Action Fraud is misnamed and I don’t know why. It was never intended to take action against fraudsters. It is, as is noted above, mostly about collating fraud stats for governs and law enforcement.
 
Does being ex directory stop these calls?
Almost everyone is that now (have you seen the 'phone book' lately?) but these companies don't operate within the law, and are often based outside the UK.
Going to Sky and using their blocking system stopped spam calls immediately, and 100%.
Mobile phones are a different matter.
 
I don’t think I’m imagining it, i’ve noticed an increase in these calls whenever I put my number online doing price comparisons or I’ve phoned customer services at companies I use, do scammers somehow scrape your number of logs/registers out there?
 
The thing that bothers me with this particular scam is where the eff did they get my email address?
@Jamie beat me to the haveibeenpwned link.

There have been so many leaks and hacks over the years.
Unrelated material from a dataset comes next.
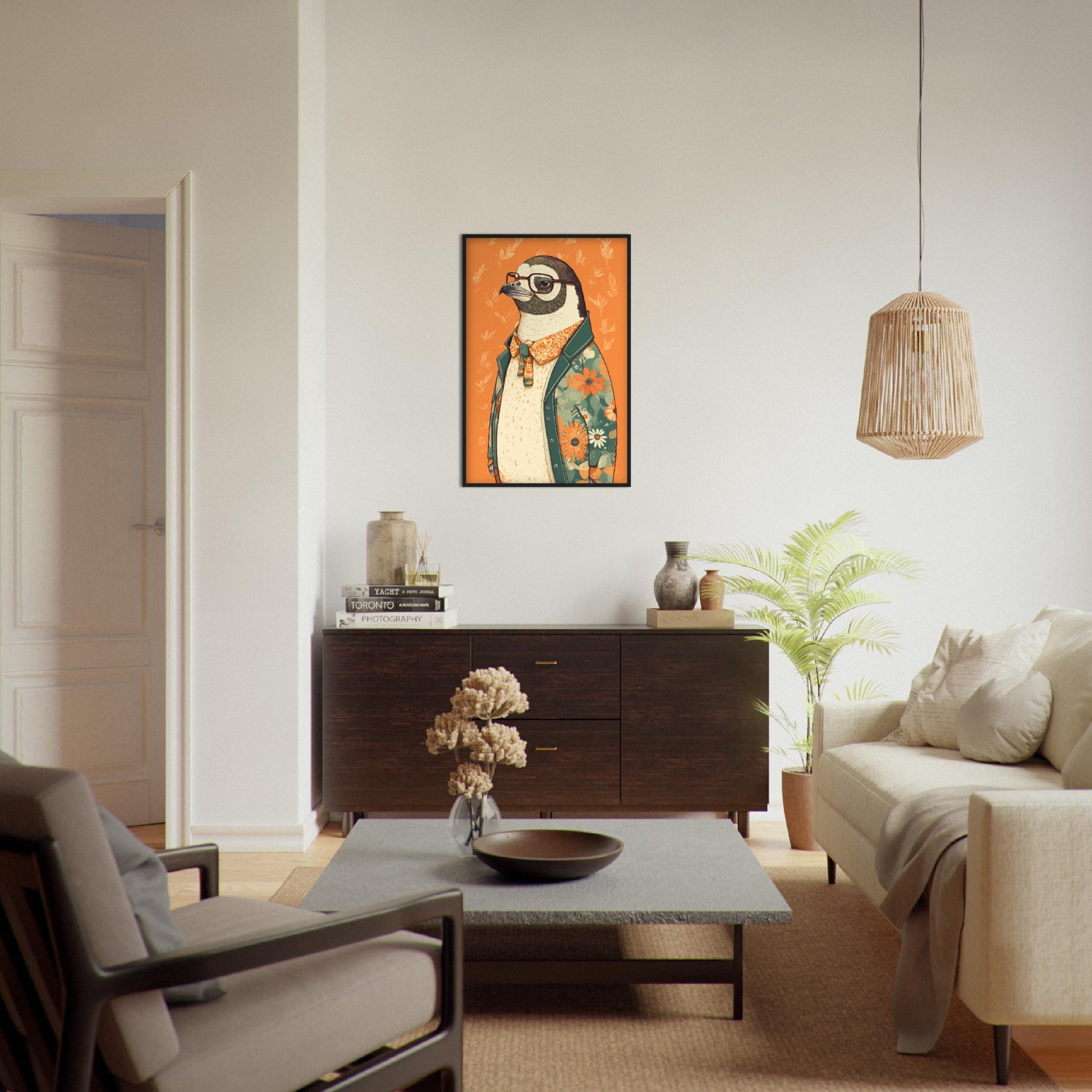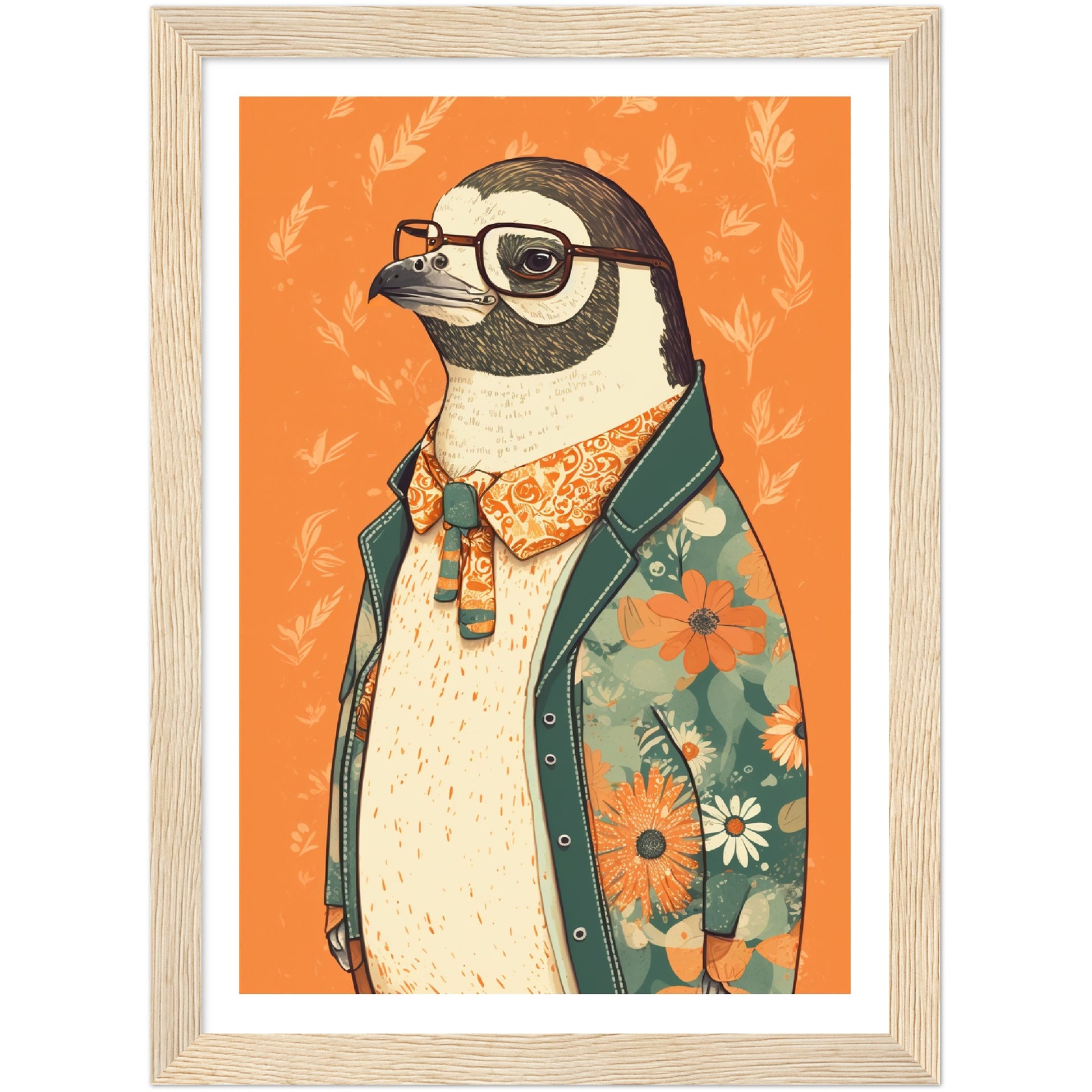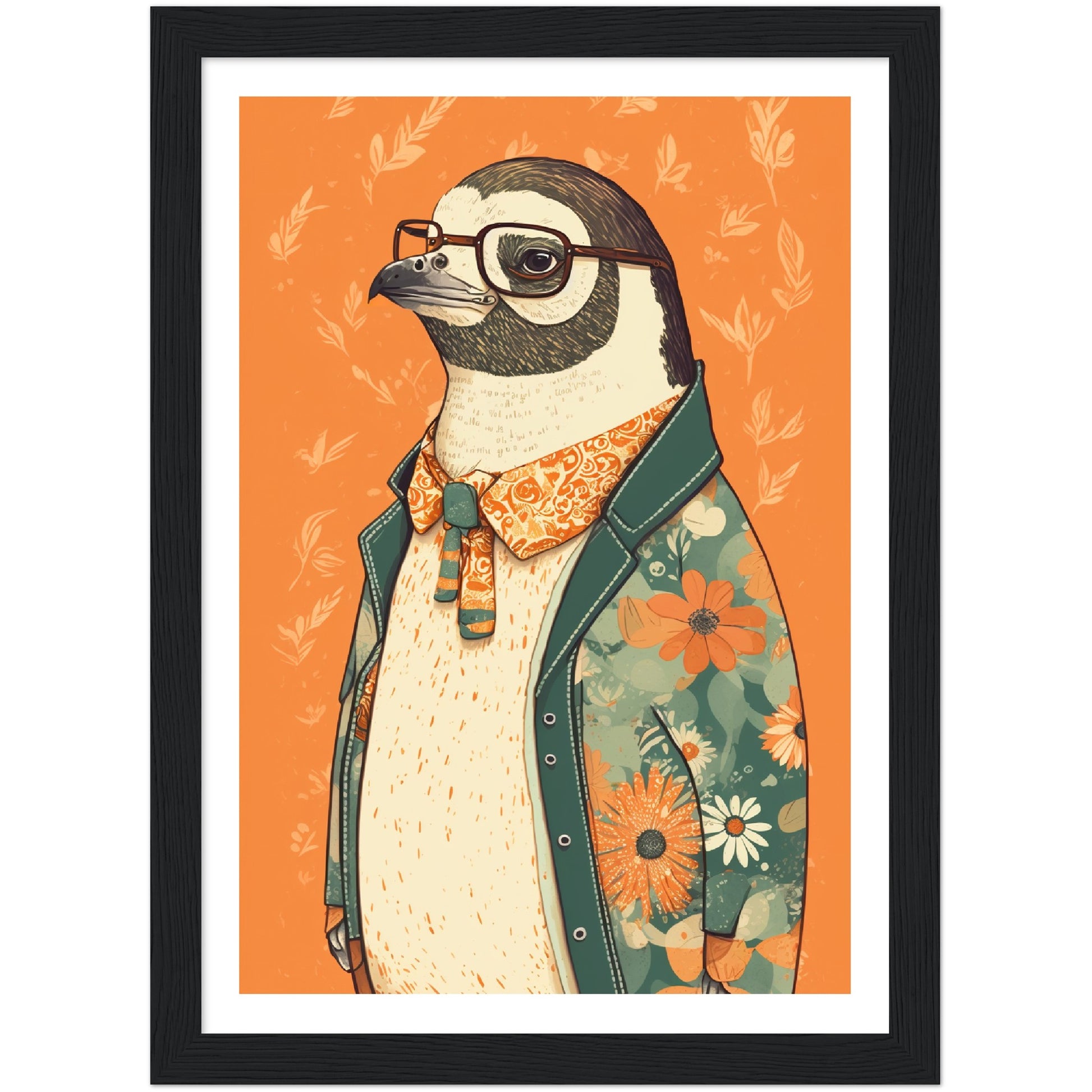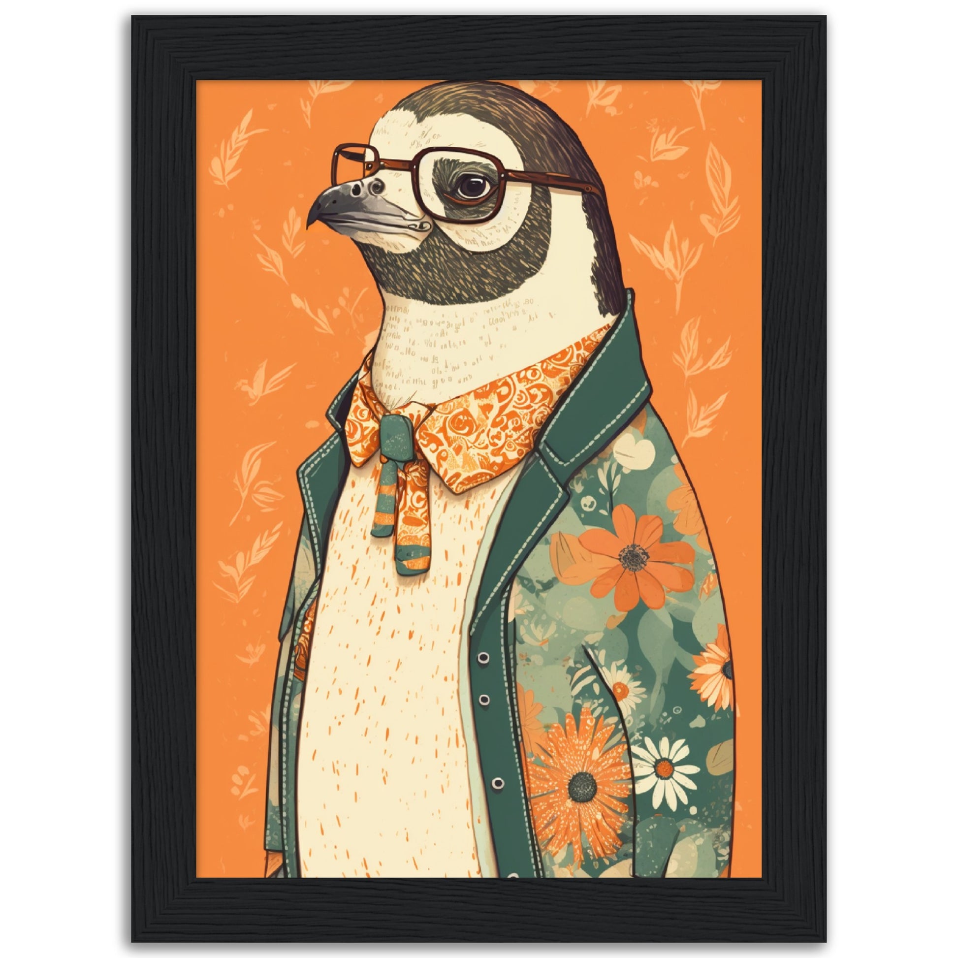 This art illustration features a charming penguin dressed in a floral patterned jacket and quirky fashionable glasses. Against a vibrant orange background, the penguin stands out as a unique and stylish character. The intricate details of the jacket and glasses add depth and texture to the piece, making it a delightful addition to any home or office. This artwork is perfect for those who appreciate whimsical and playful designs.

I regularly get spam on an account that was used with my LinkedIn account. LinkedIn was hacked some years ago. Luckily I didn't use that account much so could be pretty sure what was spam.
 
telephone preference service
That service did actually used to work very well ( as in I signed up and subsequently never got a marketing call) for quite a long time (about 10 years or so), but after a while I started getting the occassional call. I suspect it's because the service can't influence offshore calls, which is where most of these calls now originate. But anyway, back 15 years ago or so the service worked perfectly, as far as I could tell at least.
 
My wife received a new call on her mobile this week saying that there was a problem with her visa application. "Press 1 to speak to an agent etc."
 
soon you will get calls from AI bots with voices you may recognise

Already happening, apparently, and terrifyingly convincing - I heard of an example recently which, if I recall correctly, concerned a daughter phoning her mother in trouble of some kind and needing money.
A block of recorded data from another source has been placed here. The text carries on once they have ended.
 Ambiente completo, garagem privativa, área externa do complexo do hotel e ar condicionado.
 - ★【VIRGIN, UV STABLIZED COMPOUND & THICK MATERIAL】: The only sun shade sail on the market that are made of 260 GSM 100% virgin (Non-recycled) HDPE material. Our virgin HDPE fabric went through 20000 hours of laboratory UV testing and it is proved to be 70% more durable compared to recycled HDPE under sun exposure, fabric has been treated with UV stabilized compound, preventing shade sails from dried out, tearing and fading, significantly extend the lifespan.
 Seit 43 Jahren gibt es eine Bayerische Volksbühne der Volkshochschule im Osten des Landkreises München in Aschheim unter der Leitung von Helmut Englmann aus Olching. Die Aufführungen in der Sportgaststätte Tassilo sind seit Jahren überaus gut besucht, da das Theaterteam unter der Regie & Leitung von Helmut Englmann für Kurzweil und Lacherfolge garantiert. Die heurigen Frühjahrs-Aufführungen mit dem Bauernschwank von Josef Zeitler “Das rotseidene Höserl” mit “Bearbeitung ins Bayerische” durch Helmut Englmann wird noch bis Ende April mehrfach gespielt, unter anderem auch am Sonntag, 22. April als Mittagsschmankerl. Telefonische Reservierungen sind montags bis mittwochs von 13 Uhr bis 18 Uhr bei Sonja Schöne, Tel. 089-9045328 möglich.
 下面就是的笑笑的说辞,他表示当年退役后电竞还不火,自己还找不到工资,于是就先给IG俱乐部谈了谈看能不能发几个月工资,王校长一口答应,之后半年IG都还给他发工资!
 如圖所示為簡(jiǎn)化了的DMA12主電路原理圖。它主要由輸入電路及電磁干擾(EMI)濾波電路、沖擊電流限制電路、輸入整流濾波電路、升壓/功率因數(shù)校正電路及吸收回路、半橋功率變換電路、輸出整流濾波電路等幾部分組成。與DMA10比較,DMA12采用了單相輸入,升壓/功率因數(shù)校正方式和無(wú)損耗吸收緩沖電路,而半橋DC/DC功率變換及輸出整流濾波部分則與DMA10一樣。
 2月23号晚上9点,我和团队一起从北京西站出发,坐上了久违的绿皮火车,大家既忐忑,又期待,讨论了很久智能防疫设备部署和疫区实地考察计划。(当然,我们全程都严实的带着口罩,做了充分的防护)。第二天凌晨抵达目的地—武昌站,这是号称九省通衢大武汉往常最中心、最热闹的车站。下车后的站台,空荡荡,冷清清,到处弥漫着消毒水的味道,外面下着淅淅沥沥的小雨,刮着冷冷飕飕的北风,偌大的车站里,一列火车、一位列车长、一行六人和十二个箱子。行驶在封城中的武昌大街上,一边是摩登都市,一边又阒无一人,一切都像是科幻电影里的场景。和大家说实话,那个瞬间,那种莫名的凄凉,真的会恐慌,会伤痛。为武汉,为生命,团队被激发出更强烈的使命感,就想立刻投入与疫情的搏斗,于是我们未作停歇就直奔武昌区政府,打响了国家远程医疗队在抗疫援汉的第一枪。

They don't need much of a voice sample apparently, which provides a stronger case still for not engaging these people at all. I don't, I just hang straight up. I have awful difficulty though in pursuading my mother to do the same. They are incredibly clever, and can hook you before you've even realised. They can also build up a profile of potential vulnerabilities by gaining even small snippets of information.
 
Almost everyone is that now (have you seen the 'phone book' lately?) but these companies don't operate within the law, and are often based outside the UK.
Going to Sky and using their blocking system stopped spam calls immediately, and 100%.
Mobile phones are a different matter.
I’m moving to bt full fibre and was given the option of retaining a tel no or not , we chose yes and opted for no phone book entry.. I have a healthy list of numbers on my bt blacklist that go to junk automatically
 
Already happening, apparently, and terrifyingly convincing - I heard of an example recently which, if I recall correctly, concerned a daughter phoning her mother in trouble of some kind and needing money.
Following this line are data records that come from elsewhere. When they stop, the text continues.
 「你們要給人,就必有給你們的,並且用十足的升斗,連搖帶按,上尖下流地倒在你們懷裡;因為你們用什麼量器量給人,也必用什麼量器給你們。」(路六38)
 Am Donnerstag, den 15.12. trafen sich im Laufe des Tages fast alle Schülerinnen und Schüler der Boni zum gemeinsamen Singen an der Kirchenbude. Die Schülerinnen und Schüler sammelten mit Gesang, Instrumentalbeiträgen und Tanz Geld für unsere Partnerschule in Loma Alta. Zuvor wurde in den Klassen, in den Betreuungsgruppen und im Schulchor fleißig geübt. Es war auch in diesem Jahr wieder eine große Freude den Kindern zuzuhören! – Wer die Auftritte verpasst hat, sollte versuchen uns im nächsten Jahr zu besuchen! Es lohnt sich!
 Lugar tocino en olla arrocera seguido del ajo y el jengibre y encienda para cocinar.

They don't need much of a voice sample apparently, which provides a stronger case still for not engaging these people at all. I don't, I just hang straight up. I have awful difficulty though in pursuading my mother to do the same. They are incredibly clever, and can hook you before you've even realised. They can also build up a profile of potential vulnerabilities by gaining even small snippets of information.
Seems implausible. How would the scammer know who was related to the ‘daughter’ in order to call them? And any one voice would only work for a hundred or so targets, surely?
 
I tend not to answer phone calls nowadays if I don't recognise the number.... but if I do and its situation like that I ask them if they are proud and happy with themselves for the work they do.

I used to get calls from posh UK female voices telling me I had been involved in car accident and I could claim enhanced compensation. Who falls for that?

I used to play them along with car accident scam - “Yes, Yes, Blah, Blah”. Can you give me your Car Registration please? “P155 0FF”. Then the phone usually goes down at their end 😂
 
Seems implausible. How would the scammer know who was related to the ‘daughter’ in order to call them? And any one voice would only work for a hundred or so targets, surely?
It's always a numbers game for the scammers. Put enough emails/Whatsapps/calls out there, eventually they get a hit.
 
Seems implausible. How would the scammer know who was related to the ‘daughter’ in order to call them? And any one voice would only work for a hundred or so targets, surely?
It's happening in India. Son has trouble with the police and needs money for a bribe. The "police" pass the phone to the AI generated "son" Very targeted.